VIADUR's market position is expected to remain strong within its current indication, with opportunities for growth contingent on strategic marketing, clinical evidence development for new applications, and navigating a dynamic competitive environment.

Key Takeaways

  • VIADUR is clinically proven for treating abnormal uterine bleeding associated with uterine fibroids in premenopausal women, with significant reductions in blood loss and improvements in quality of life demonstrated in Phase III trials.
  • The drug faces competition from other levonorgestrel-releasing IUDs, notably Mirena, as well as oral progestins, GnRH agonists, and surgical interventions.
  • The global IUD market is projected to grow steadily (6-8% CAGR), a trend VIADUR is expected to follow, supported by increasing demand for LARC and effective AUB treatments.
  • Future market expansion for VIADUR hinges on successful geographic penetration, potential label expansions into new indications, and effective physician and patient education.

Frequently Asked Questions

  1. What are the primary side effects associated with VIADUR? Common side effects include changes in menstrual bleeding patterns (e.g., spotting, irregular bleeding), abdominal pain, pelvic pain, ovarian cysts, and breast tenderness. Systemic levonorgestrel side effects are generally infrequent due to low absorption levels.

  2. How does VIADUR's duration of use compare to other hormonal IUDs? VIADUR is indicated for up to five years of use for abnormal uterine bleeding. This duration is comparable to some other levonorgestrel-releasing IUDs like Mirena, though specific indications and durations can vary among devices.

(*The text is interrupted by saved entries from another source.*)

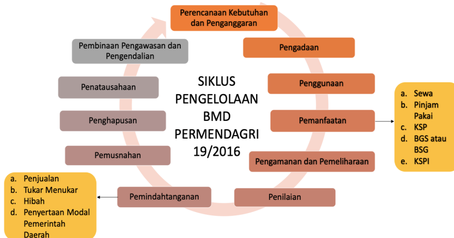
Gambar 1. Siklus Pengelolaan BMD

IKATAN AKUNTAN INDONESIA KOMPARTEMEN AKUNTAN PENDIDIK
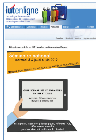
Le site IUTenligne, lancé en 2001.
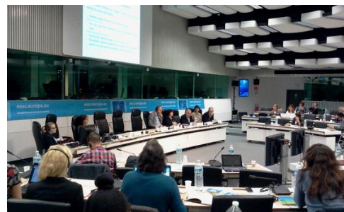
END ECOCIDE / COMMISSION EUROPÉENNE BRUXELLES
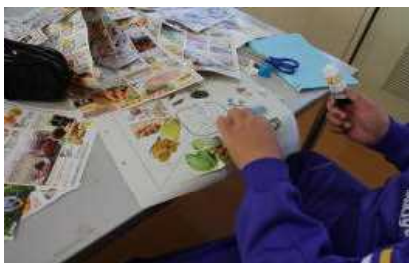
1 年家庭 基礎食品群についてチラシを使ってまとめる学習
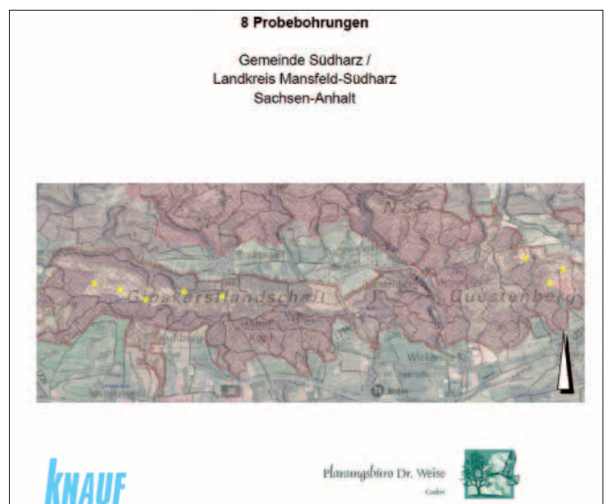
Abb. 3: Gutachten-Ausschnitt mit Lage der geplanten 8 Explorationsbohrungen, von denen letztlich 7 konkret beantragt sind; Quelle: Landkreis Mansfeld-Südharz.

Am Südharz ist im Laufe von mehreren 10.000 Jahren eine Gipskarst-Landschaft mit extremer Verkarstungsintensität, morphologischer sowie biologischer Vielfalt und Einzigartigkeit entstanden. Sie ist aus diesem Grund Teil der BfN-Hotspotgebiete der Biodiversität 18 und 19 und hat ganz herausragende Bedeutung für zahlreiche Fledermausarten, wie z.B. Mopsfledermaus Barbastella barbastellus , Große und Kleine Bartfledermaus Myotis brandtii und Myotis mystacinus sowie das Mausohr Myotis myotis , um nur einige zu nennen. Die strukturreiche Landschaft bietet auch vielen Amphibien wie z. B. dem Feuersalamander Salamandra salamandra Lebensraum. Auch sehr stark schwankende Wasserstände in großen Erdfällen und Poljen sowie periodischen Seen und Karstquellen gehören zu den Besonderheiten. Zudem zeichnet sich der Südharz durch eine besonders reichhaltige und schutzwürdige Grundwasserfauna
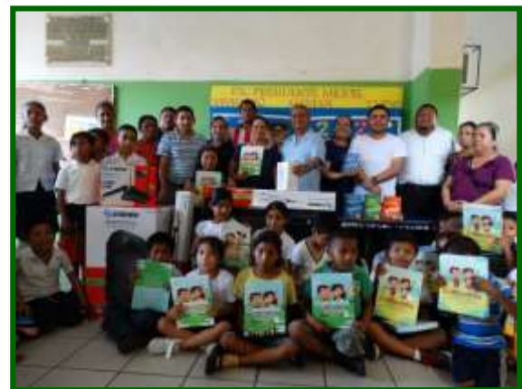
Escuela Pdte. Miguel Alemán (vespertina) Entrega de material didáctico y equipo de ayudas a la enseñanza
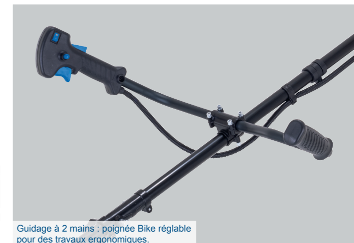
Guidage à 2 mains : poignée Bike réglable pour des travaux ergonomiques.
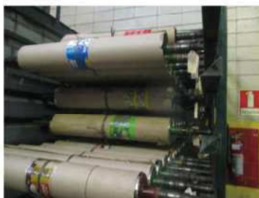
Vista geral dos cilindros metálicos .
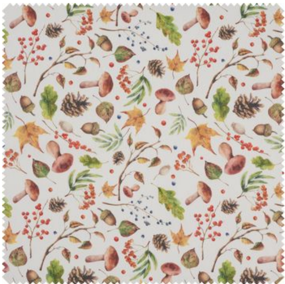
Motiefstof linnenlook "Herfstmagie"

  3. Can VIADUR be used for contraception in addition to treating abnormal uterine bleeding? While VIADUR contains levonorgestrel, a progestin used in contraceptive IUDs, its primary approved indication is for the treatment of abnormal uterine bleeding associated with uterine fibroids. Some healthcare providers may use it off-label for contraception, but this is not its formally recognized indication.

  4. What is the mechanism of action of VIADUR in reducing abnormal uterine bleeding? VIADUR releases levonorgestrel directly into the uterus. Levonorgestrel thins the uterine lining (endometrium), reduces the proliferation of endometrial tissue, and may also thicken cervical mucus, thereby decreasing menstrual blood flow and reducing fibroid-related bleeding.

  5. Are there any contraindications for using VIADUR? Contraindications include known or suspected pregnancy, current pelvic inflammatory disease, conditions that increase susceptibility to pelvic infection, certain types of uterine or cervical abnormalities, and known hypersensitivity to levonorgestrel or any component of the device.

Citations

[1] Sonek, J. D., Sergent, K. L., Dildy, G. A., Bradley, L. D., Levy, B., & Archer, D. F. (2009). The levonorgestrel-releasing intrauterine system for the treatment of abnormal uterine bleeding in women with uterine fibroids. Obstetrics & Gynecology, 114(3), 586–594.

[2] Chen, Y., Li, X., Chen, W., Sun, J., Feng, W., Shi, J., & Li, X. (2018). Effectiveness and Safety of Levonorgestrel-Releasing Intrauterine Device in Treating Abnormal Uterine Bleeding Associated with Uterine Fibroids: A Systematic Review and Meta-Analysis. Gynecologic and Obstetric Investigation, 83(5), 467–476.